### Goal of the exercise
From the material below, please set down exactly the lines starting with the one with "Cinderella is proof" and going on through the one with "Guess bluza SOFIA", without a single picture.

### Provided entries
↓
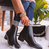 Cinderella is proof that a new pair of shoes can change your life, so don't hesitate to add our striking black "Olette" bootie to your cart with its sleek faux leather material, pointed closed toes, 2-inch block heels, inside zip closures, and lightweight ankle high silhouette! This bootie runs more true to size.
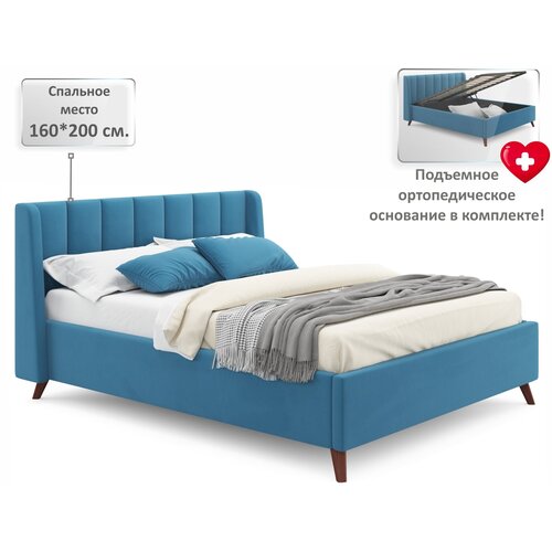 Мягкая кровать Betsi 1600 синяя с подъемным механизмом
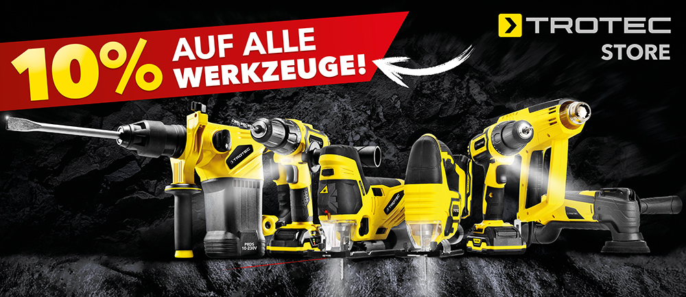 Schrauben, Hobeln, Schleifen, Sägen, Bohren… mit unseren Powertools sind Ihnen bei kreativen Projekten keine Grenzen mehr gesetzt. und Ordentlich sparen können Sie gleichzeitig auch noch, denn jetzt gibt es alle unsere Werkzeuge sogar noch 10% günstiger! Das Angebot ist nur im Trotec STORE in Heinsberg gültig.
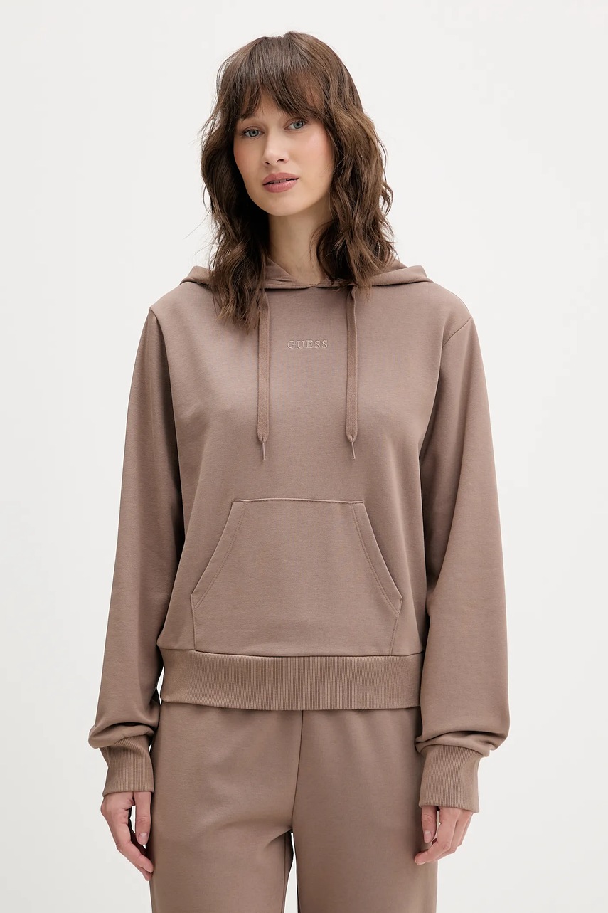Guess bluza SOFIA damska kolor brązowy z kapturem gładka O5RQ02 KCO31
↑
↓
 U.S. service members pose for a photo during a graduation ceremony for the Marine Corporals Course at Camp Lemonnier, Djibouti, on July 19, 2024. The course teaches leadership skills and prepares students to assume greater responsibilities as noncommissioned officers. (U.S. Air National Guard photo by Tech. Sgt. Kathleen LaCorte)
↑
### Exercise response
 Cinderella is proof that a new pair of shoes can change your life, so don't hesitate to add our striking black "Olette" bootie to your cart with its sleek faux leather material, pointed closed toes, 2-inch block heels, inside zip closures, and lightweight ankle high silhouette! This bootie runs more true to size.
 Мягкая кровать Betsi 1600 синяя с подъемным механизмом
 Schrauben, Hobeln, Schleifen, Sägen, Bohren… mit unseren Powertools sind Ihnen bei kreativen Projekten keine Grenzen mehr gesetzt. und Ordentlich sparen können Sie gleichzeitig auch noch, denn jetzt gibt es alle unsere Werkzeuge sogar noch 10% günstiger! Das Angebot ist nur im Trotec STORE in Heinsberg gültig.
Guess bluza SOFIA damska kolor brązowy z kapturem gładka O5RQ02 KCO31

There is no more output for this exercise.